Qu’apprenez-vous de ces interactions en tant que musiciens ? Êtes-vous parfois surpris par les réponses ou les idées des gens ? Est-ce qu’ils vous donnent de bonnes idées voire de meilleures idées que ce à quoi vous aviez pensé ?

Tout dépend, vraiment. Parfois, nous nous demandons ce que nous allons faire avec ça, mais d’autres fois ça fonctionne super bien. Tout le processus est un processus d’apprentissage autant pour nous que pour les gens et les fans du groupe qui s’impliquent dans la Sleeps Society. Nous apprenons énormément grâce à ça, jusqu’au merch que la Society aimerait nous voir produire pour la suite. Ça nous permet d’avoir un aperçu de ce que veulent nos fans. Parfois, j’ai l’impression que quand on fait partie d’un groupe et qu’on est dans une bulle à créer et à essayer de pondre ce qu’on croit que les gens veulent, en réalité ce n’est pas forcément ce qu’ils veulent, donc c’est sympa d’avoir cette source d’information supplémentaire.

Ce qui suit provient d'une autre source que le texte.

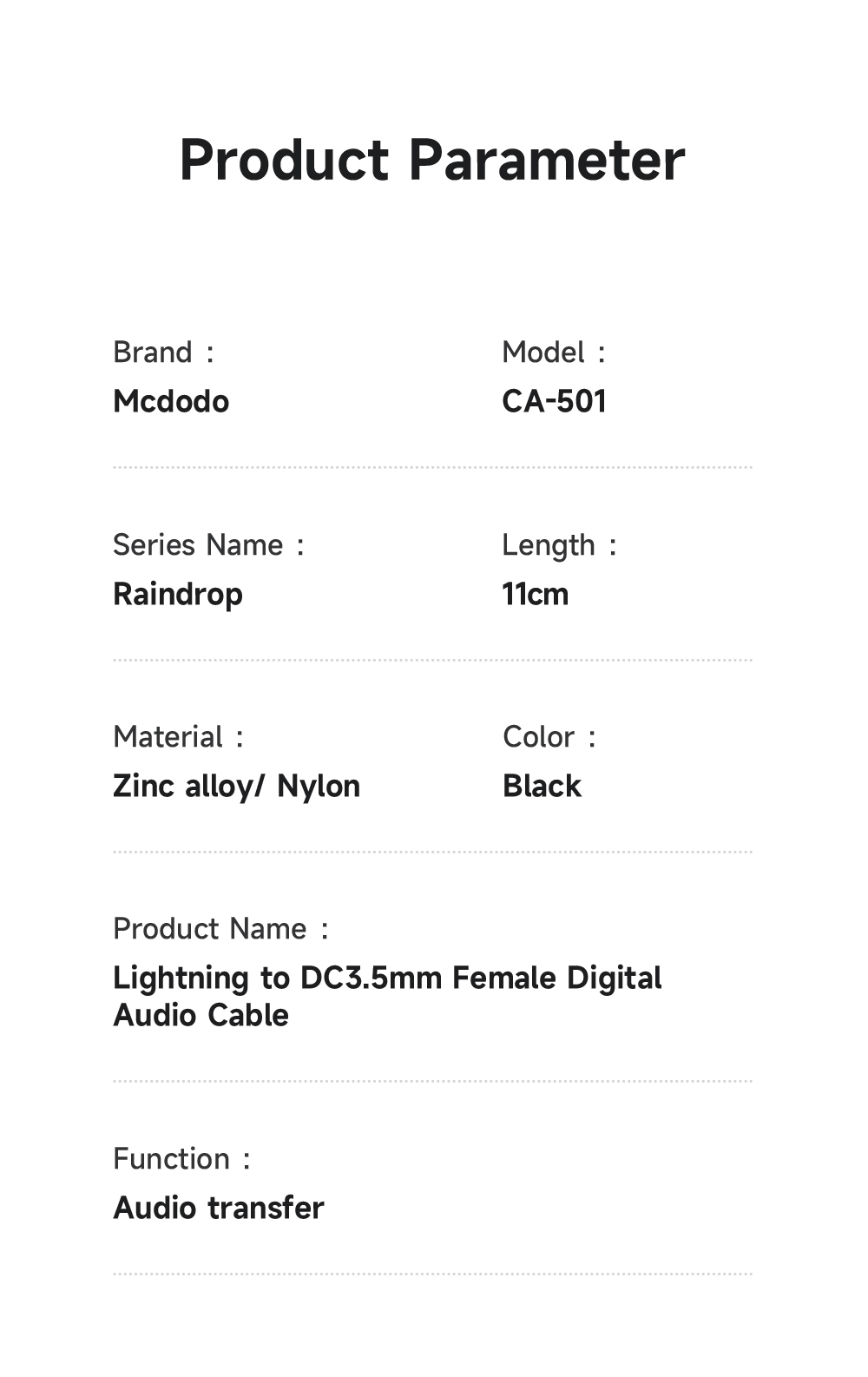 | Tên | Đầu Chuyển iP Sang Audio 3.5mm Mcdodo Raindrops Series iP to DC3.5 Female (11cm) |

Ça marche dans les deux sens : le noyau dur de nos fans obtient davantage ce qu’ils recherchent et nous avons un aperçu de ce que nos fans aimeraient le plus. Evidemment, il y a des bons et mauvais côtés à ça, suivant ce qu’ils demandent, le sujet de la discussion ou ce dans quoi nous les impliquons. Mais le principal, c’est que c’est une aventure pour tout le monde et c’est ce qui est excitant à la fois pour le groupe et pour les fans impliqués là-dedans. C’est nouveau pour While She Sleeps, en conséquence, c’est nouveau aussi pour nos fans. Je trouve que c’est excitant, nous ne savons pas toujours ce qui va se passer. Nous nous lançons dans quelque chose de nouveau et c’est vraiment cool, surtout à une période aussi difficile qu’actuellement.

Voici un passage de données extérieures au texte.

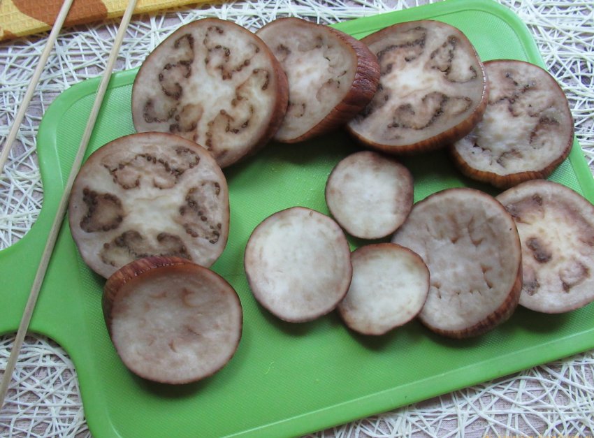 Как вариант, кружочки баклажанов можно высушить, разложив на пергаменте или москитной сетке. Но в этом случае необходимо ежедневно переворачивать каждый кружок на другую сторону, чтобы овощ равномерно просушивался.

Souvent, les gens qui écoutent du metal sont eux-mêmes musiciens, ont déjà joué d’un instrument ou ont au moins une bonne connaissance musicale. Avez-vous parfois reçu dans ces interactions avec la Sleeps Society des idées vraiment difficiles à mettre en œuvre ?

Je ne suis pas quelqu’un de très technique, je sais à peine jouer de la guitare ! J’apprends en ce moment à jouer de la guitare. Les fans de matos et les gens qui s’intéressent aux riffs et ce genre de choses peuvent se tourner plus vers le reste du groupe pour avoir ça. Il est clair que des gens ont apporté de super idées, quant à la manière dont nous devrions faire les choses et au fait de montrer aux gens comment nous travaillons en studio, comme lorsqu’on voit des Youtubeurs réduire l’écran sur lequel ils travaillent avec Logic pendant un FaceTime. C’est dingue maintenant tout ce qu’on peut faire. Moi, je suis beaucoup plus simple que ça [petits rires]. Il y a eu des fois où j’étais impliqué avec des gens qui voulaient apprendre sur l’aspect vocal. Même ça c’est particulier ; je ne sais pas à cent pour cent ce que je fais, mais n’importe qui peut trouver des informations utiles ou intéressantes. C’est sympa de rejoindre une conférence similaire à celle-ci et demander : « Que voulez-vous savoir ? Posez-moi des questions. » C’est vraiment un échange qui se fait sur le plan humain. Parfois, un vendredi soir, il nous est arrivé de faire une conférence avec un tas de personnes en confinement, nous buvions un coup et laissions les gens poser des questions et traîner avec nous. Même ça, actuellement, pendant la pandémie, c’est très important. Ce que les gens gagnent grâce à cette Society est une plus grande sensation d’appartenance à une communauté par rapport à ce que nous étions capables de leur offrir auparavant. Je pense que pour certaines personnes, c’est quelque chose de crucial aujourd’hui et comme je l’ai dit, nous-mêmes apprenons beaucoup. Il est clair qu’il y a plein de fous de technique qui viennent avec de super idées, mais moi ça me dépasse complètement [rires].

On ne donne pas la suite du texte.